Entonces se serenó y pensó que así no iba a ir muy lejos, que tenía que esforzarse porque vinieran los mejores momentos. De nuevo se sienta y siente un fuerte pinchazo en la nuca, todo se vuelve opaco, muy opaco, la vista se nubla, la cabeza se cae, todo cesa. De repente, hologramas con  imágenes de niños que corren todos juntos, se escapan, se esconden, uno la paga, emoción, amigos, infancia, el polvo de las calles del pueblo en las zapatillas, es de noche, todos corren, deprisa. Sudor, bicicletas de colores color crema. Ahora es la fiesta y todo huele bien, suena la música y la emoción. El corazón está a ciento ochenta pulsaciones, están llegando a la cima de la Mesa de los Tres Reyes. Siente cómo ha subido con sus amigos de siempre, con los que se  puede caer y lo recogerán y llegan y se abrazan y almuerzan y toman muchas  fotos.

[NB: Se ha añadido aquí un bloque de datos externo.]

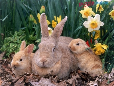 Puzzle Zajączki, Trzy, Żonkile

El cielo es azul, fresco, descienden. Recuerda a su mujer, está preciosa, es morena, están de vuelta del Ibón, han hecho un gran esfuerzo. Se enamoraron de un flechazo, de esos que ocurren a veces y su amor se ha ido haciendo grande, cada vez más grande. De repente le dicen que puede abrir los ojos. Allí delante está él, llora, todavía está manchado con los líquidos de la placenta. Su cara es preciosa. El bebé mira a Julio durante un segundo y luego gira su cara hacia el pecho de su madre, de un modo instintivo, automático. Ella lo mira todavía incrédula, orgullosa, sudada, después del gran esfuerzo. Emocionada llora, lloran emocionados, todos, los tres.

Ahora Julio sale de la habitación oscura, mira el reloj, está detenido; se ha parado. Sale por estrecho pasillo hasta el bar y se despide del camarero que está muy ocupado con unos clientes.  Antes de salir, a lo lejos, oye una voz que le grita. Julio se vuelve hacia el camarero para ver de dónde viene la voz y ve que esta girado cobrando una comanda de refrescos al tiempo que observa un círculo redondo sin pelo en su nuca. Éste le grita desde lejos “¿lo ha entendido ahora?”